═══ DATA RECORDS

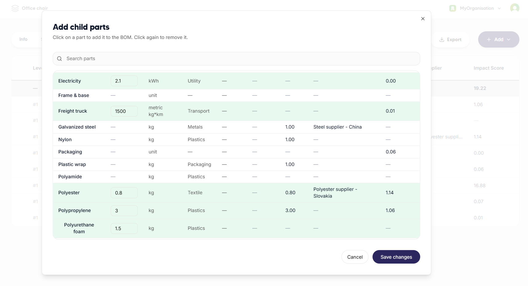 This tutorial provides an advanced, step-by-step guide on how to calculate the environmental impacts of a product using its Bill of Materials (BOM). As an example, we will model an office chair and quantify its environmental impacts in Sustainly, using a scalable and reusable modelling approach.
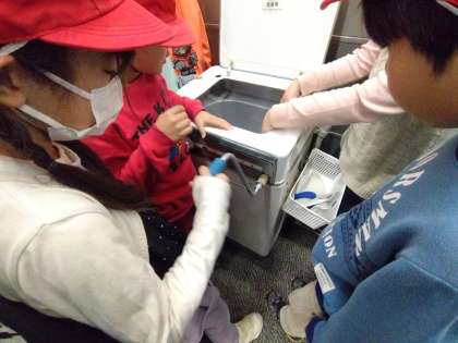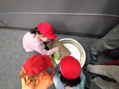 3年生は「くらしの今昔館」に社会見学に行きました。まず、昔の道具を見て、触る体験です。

══════
═══ DATA RECORDS

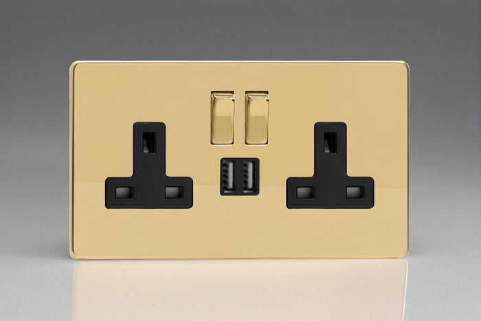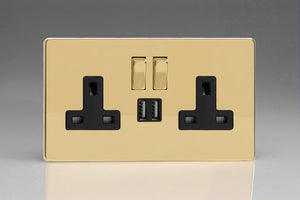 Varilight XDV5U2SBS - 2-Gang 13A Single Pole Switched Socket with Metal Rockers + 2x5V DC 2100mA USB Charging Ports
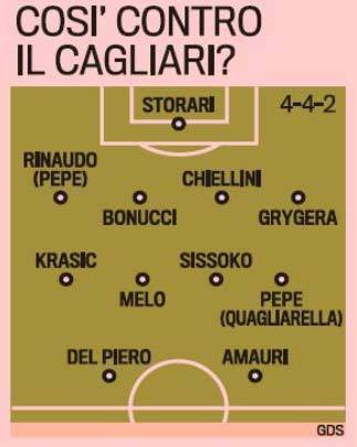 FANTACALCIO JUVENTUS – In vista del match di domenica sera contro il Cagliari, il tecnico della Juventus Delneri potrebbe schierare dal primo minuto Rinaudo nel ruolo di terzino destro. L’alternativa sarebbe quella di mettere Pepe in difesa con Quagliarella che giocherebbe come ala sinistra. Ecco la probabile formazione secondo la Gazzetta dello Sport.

══════
═══ DATA RECORDS

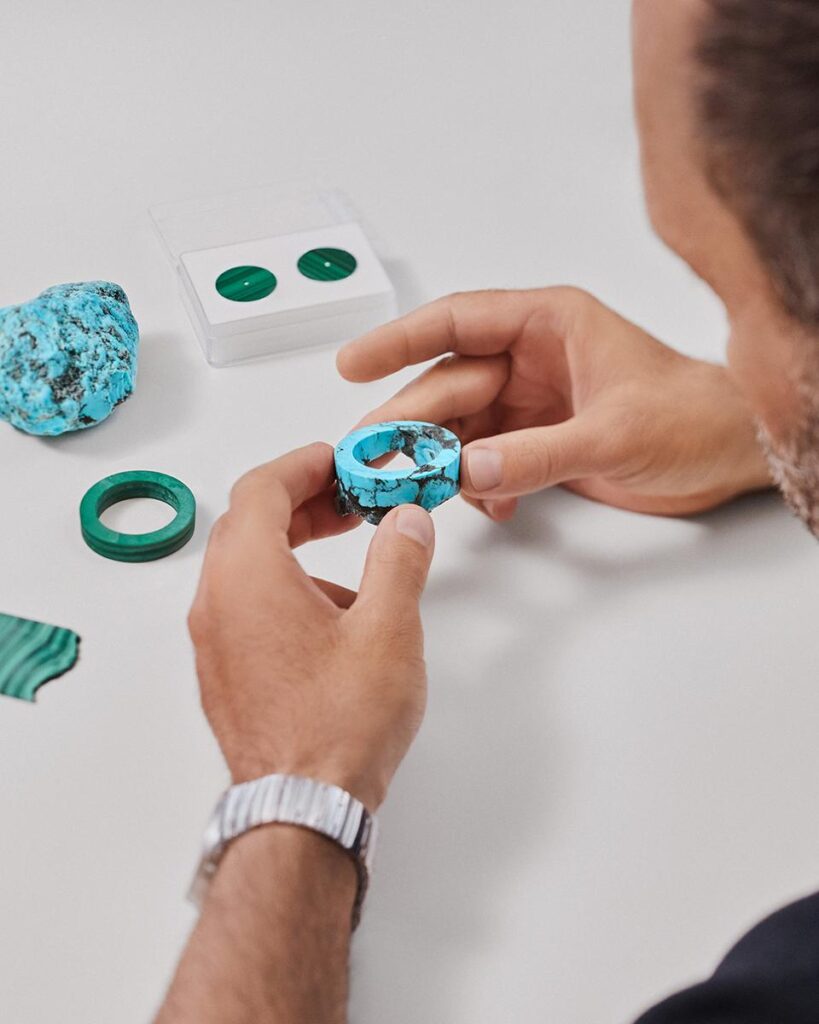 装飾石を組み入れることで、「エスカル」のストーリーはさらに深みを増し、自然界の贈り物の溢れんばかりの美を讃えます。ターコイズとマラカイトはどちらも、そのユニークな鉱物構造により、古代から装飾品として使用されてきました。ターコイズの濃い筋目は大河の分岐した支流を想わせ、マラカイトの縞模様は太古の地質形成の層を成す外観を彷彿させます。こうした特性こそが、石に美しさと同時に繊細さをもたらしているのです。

══════

WHAT TO DO
Leaving out each picture, repeat exactly the lines above from the one that contains "This tutorial provides" through the one that contains "3年生は「くらしの今昔館」に".

SOLUTION FOR THIS PROBLEM
 This tutorial provides an advanced, step-by-step guide on how to calculate the environmental impacts of a product using its Bill of Materials (BOM). As an example, we will model an office chair and quantify its environmental impacts in Sustainly, using a scalable and reusable modelling approach.
 3年生は「くらしの今昔館」に社会見学に行きました。まず、昔の道具を見て、触る体験です。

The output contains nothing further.